A questo punto vorresti essere ancora nella grande città per stare vicino alla moglie, ai nipotini, per andare al cinema, per chiamare gli amici e fare una partita a carte o per fare due chiacchiere in compagnia di una buona bottiglia di Prosecco.

Proprio quella città da cui sei fuggito per un bisogno di pace e di immersione nella natura, giocando a fare il selvaggio.

Così ti ritrovi qui, solo e immusonito e ti rendi conto che non sai come uscirne.

Nonno Talpone si tiene lontano, quando suggerisce uno spunto o una battuta io sono troppo impegnato a fare un lavoro o mi sto arrovellando nella tristezza.

Ho l’impressione che ogni scelta sia sbagliata.

Perché siamo così bravi a dare suggerimenti agli altri e mai a noi stessi?

MICA SONO SCHIAVO IO


La giornata soleggiata, sia pure una parentesi tra una pioggia primaverile e un’altra probabilmente prevedibile, non ha fatto bene a nonno Talpone, procurandogli un’eccitazione irritabile e pungente.

“Non sono mica schiavo io ! Tutta la gente che conosco sta incollata alla televisione come fosse drogata.

La accendono alla mattina appena alzati e continuano così fino a notte inoltrata, pranzo e cena compresi.

Non importa quali siano i programmi, lo schermo deve sempre restare acceso, con voci e musica a tutto volume, al massimo fanno ginnastica con il telecomando, litigando con il coniuge per il canale da scegliere.

Dalla mezz’età sino al ricovero per anziani, eccoli lì i drogati !

Io?

Mai se sono solo, mai accesa quella scatola malefica.

Io sono per le passeggiate, i lavoretti sporadici, i buoni libri, la musica.

Beh, naturalmente devo essere informato, tengo sempre a portata di mano il portatile, il tablet, lo smartphone.

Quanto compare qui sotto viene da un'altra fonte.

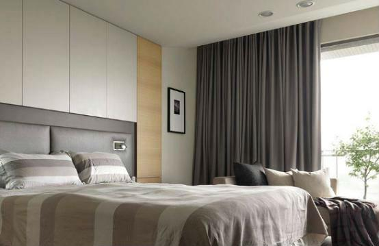 简约的线条蔓延中,以白色与灰色系裱布为主、木纹为辅,优雅气质自然生成。
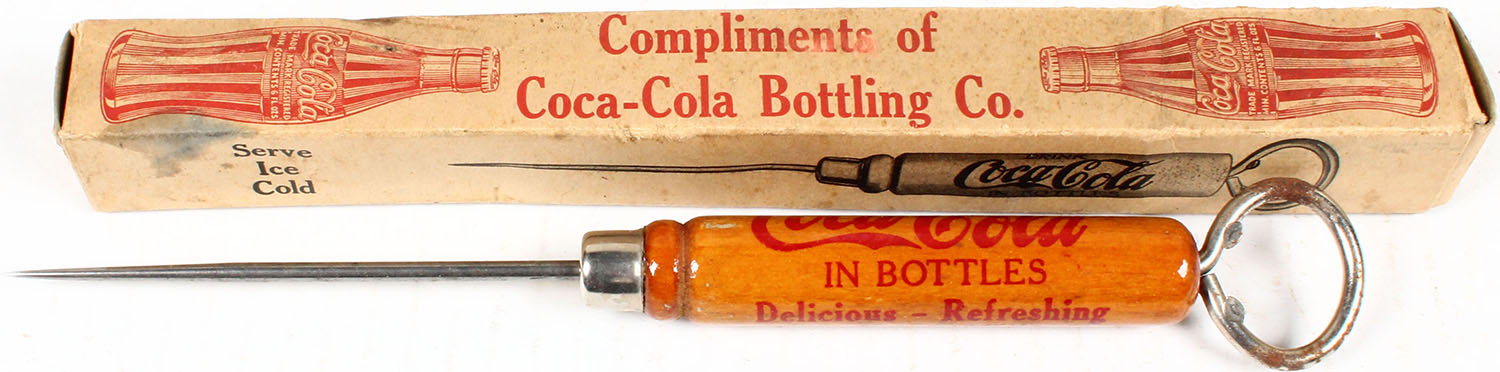 Coca-Cola ice pick and bottle opener in orignal box. Grade: Excellent - Value: 10 to 50
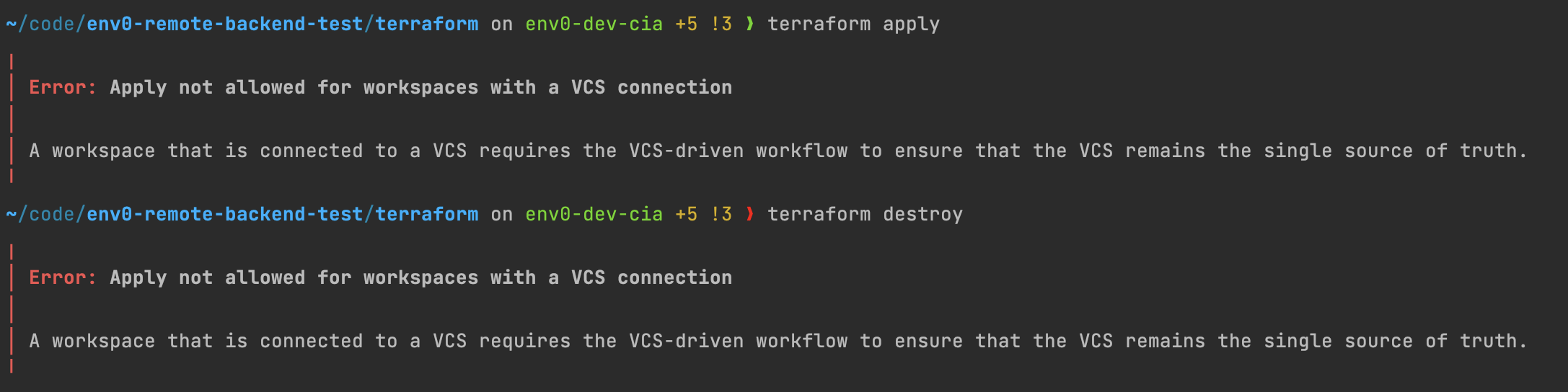 Remote Backend allows running your Terraform plan locally by triggering a remote plan in env zero.The remote plan uses your local Terraform files but actually runs it remotely in env zero while using the shared state and variables set for the env zero environment. Each remote plan creates a deployment in env zero so you will have an audit for each deployment.
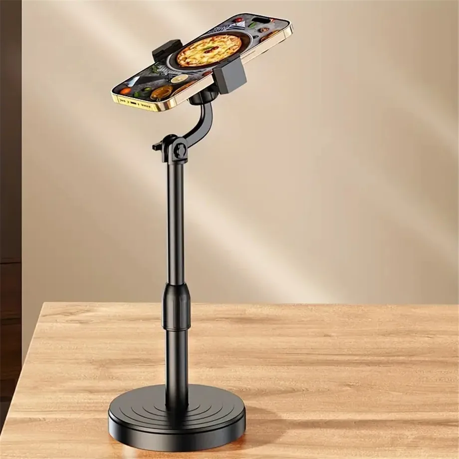 1.Función de ajuste: permite a los usuarios ajustar fácilmente la altura del soporte del teléfono móvil, ya sea subiendo o cayendo.Esta característica hace que la fotografía y la transmisión en vivo sean más convenientes.
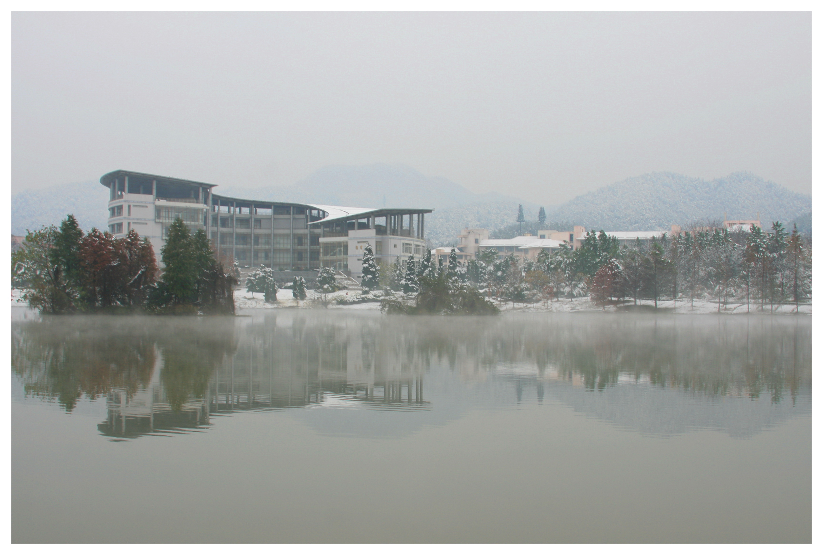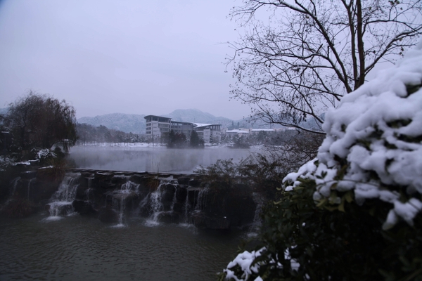絲絲寒意從窗縫滲入,即使在屋內(nèi),亦是頗冷,陽(yáng)臺(tái)遠(yuǎn)眺,雪下著下著,竟越發(fā)大而密了。墨綠的遠(yuǎn)山襯著白雪,靜謐悠然,仿佛從天地之初就這樣契合。這美景動(dòng)人,總想與友共享,若晚來(lái)天欲雪,能飲一杯無(wú)?
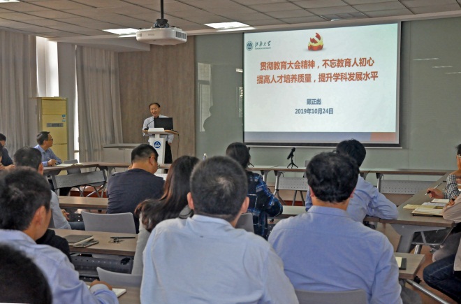 根据学校“不忘初心、牢记使命”主题教育的统一部署,10月24日下午,校党委常委、副校长顾正彪来到化学与材料工程学院,为学院青年教师上了题为“贯彻教育大会精神不忘教育人初心提高人才培养质量提升学科发展水平”的专题党课。化工学院党政领导、近三年入校的青年教师、各条线教师代表等50多人参加聆听。
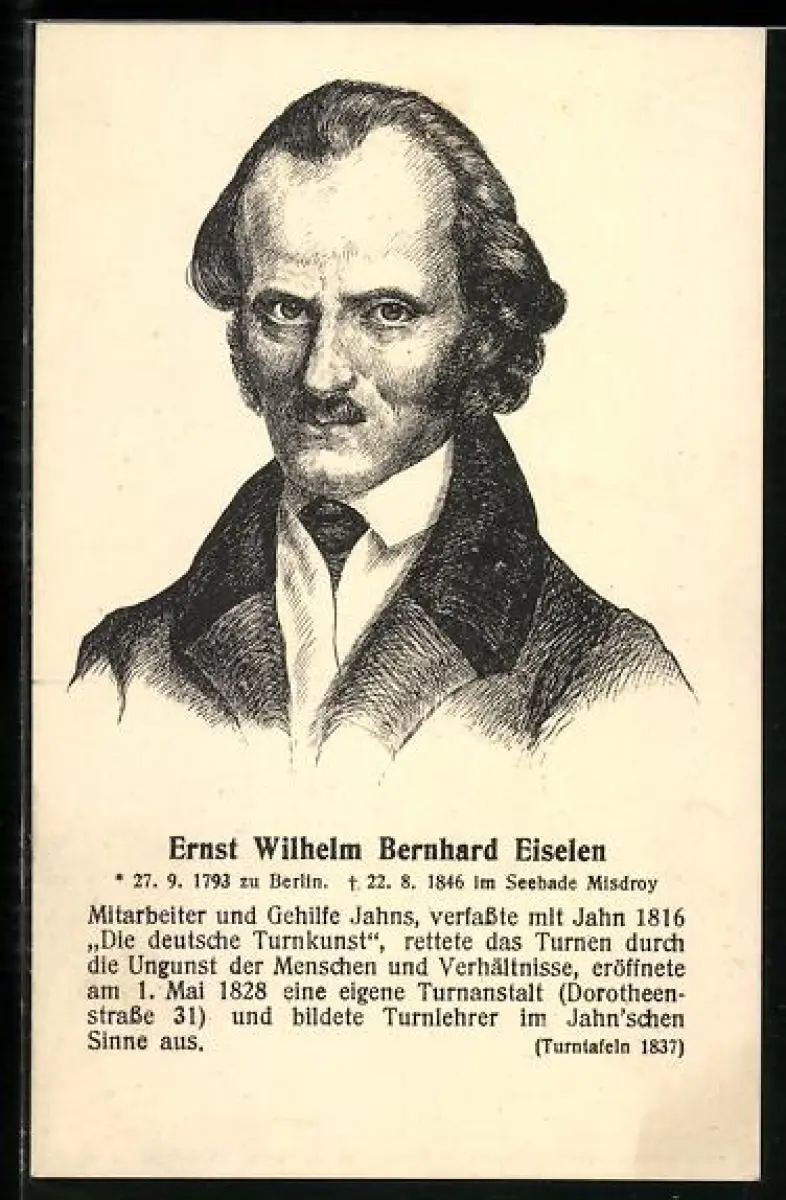 AK Portrait Ernst Wilhelm Bernhard Eiselen, Mitarbeiter und Gehilfe Turnvater Jahns
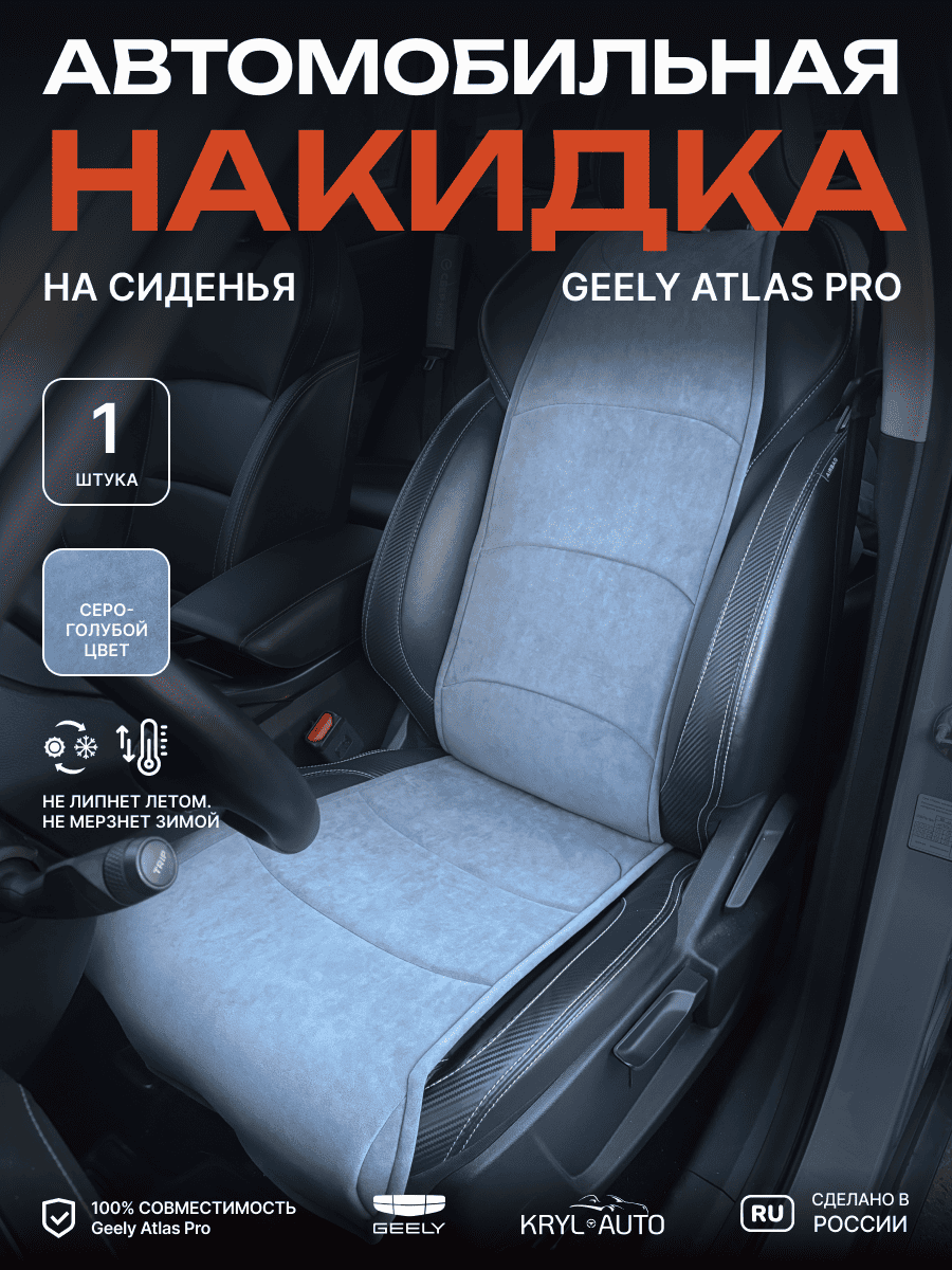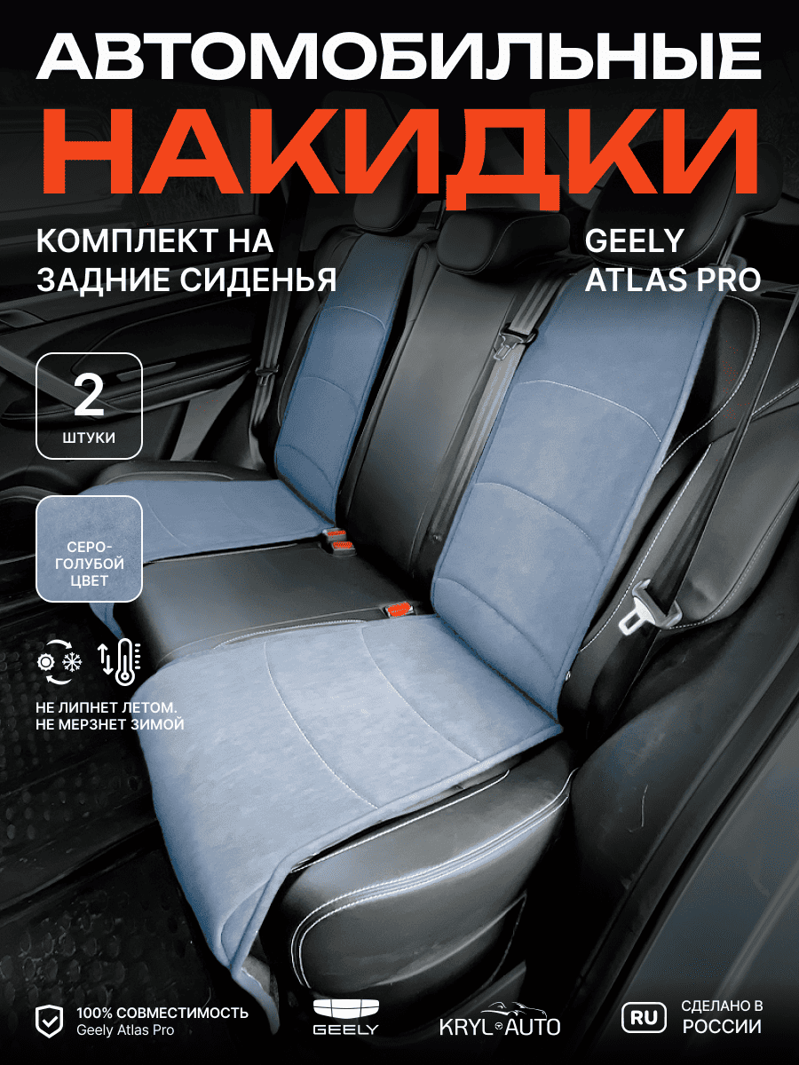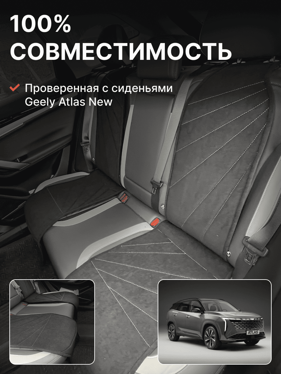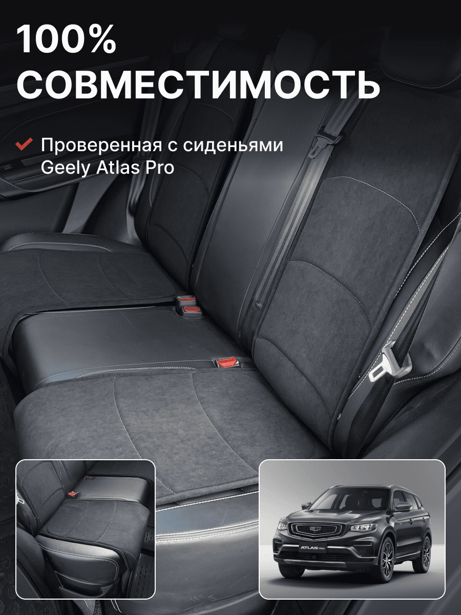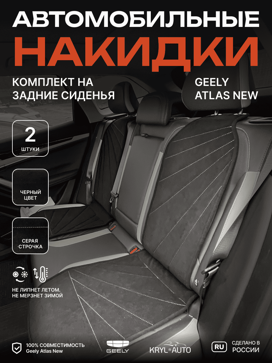 Совместимость: подходит для Geely Atlas 1 поколение (2016-2022). Материал: микровелюр — мягкий, приятный на ощупь, легко чистится, не выгорает. Назначение: защита оригинальной обивки от загрязнений, износа, повреждений. Комфорт зимой и летом. Крепление: надежная фиксация без смещений, простая установка без инструментов. Безопасность: не мешает срабатыванию боковых подушек безопасности (Airbag). Дизайн: современный внешний вид, улучшает интерьер салона. Уход: легко чистится влажной салфеткой или пылесосом.

Leggo le notizie su quattro o cinque giornali in rete, mi aggiornò su Facebook, twitter, Watsappp, qualche ricerca su Google, un filmetto su YouTube, insomma quanto basta, non più di cinque o sei ore al giorno, mica sono schiavo io.

ROBA DA GATTE


Alla mattina presto quando scendo in cucina per prepararmi la colazione e apro gli sportelloni di legno mi trovo davanti un’adunata di otto gatte che mi guardano mute con i loro occhioni.

Non miagolano come i due disperati casalinghi di Milano, queste ti osservano a distanza come sfingi indecifrabili.

Ovviamente gli preparo subito tre piatti di spaghetti con carne e croccantini, ma non ringraziano, il territorio è il loro, tengono lontano topi e serpenti e questa è la paga dovuta.

Alle 11 mentre riuscivo da casa ho visto una delle due gemelle bianco maculate che mi fissava.

Sono dovuto entrare e uscire dalla porta diverse volte.

Lei era sempre lì immobile.

Alla fine i suoi grandi occhi mi hanno commosso e le ho subito preparato un piatto di cibo.

Lei si è avvicinata con calma regale, l’ha annusato, poi si è allontanata un poco e mi ha guardato ancora.

Che sciocca – ho pensato – non sa nemmeno quello che vuole.

Rientrando in casa per prendere un attrezzo ho scorto sul lavandino un barattolo di tonno con un rimasuglio di olio.

Allora ho capito, tre ore prima avevo aggiunto nella pasta l’avanzo della scatoletta.

L’ho versato nel piattino di fronte a lei, che subito ci si è avventata sopra, mentre altre gatte, sorelle o cugine spuntavano fuori dai cespugli di rosmarino.

Mi aveva adescato come un vecchio babbeo!

Giovani femmine già esperte.

Roba da gatte!

SORPRESE


Ho chiesto al promettente avvocato come aveva visto i suoi bimbi nel rapido ritorno a casa.

Tutto bene, i piccoli gli avevano regalato i loro disegni colorati per la festa del papà.

“A proposito, auguri anche a te papà !”

Poco fa mi ha telefonato anche il Martello inglese, chiamandomi affettuosamente ” il suo ciccione”.

Toh, allora non sono solo un vecchio nonno.

Quante cose mi dimentico, la vita è piena di sorprese.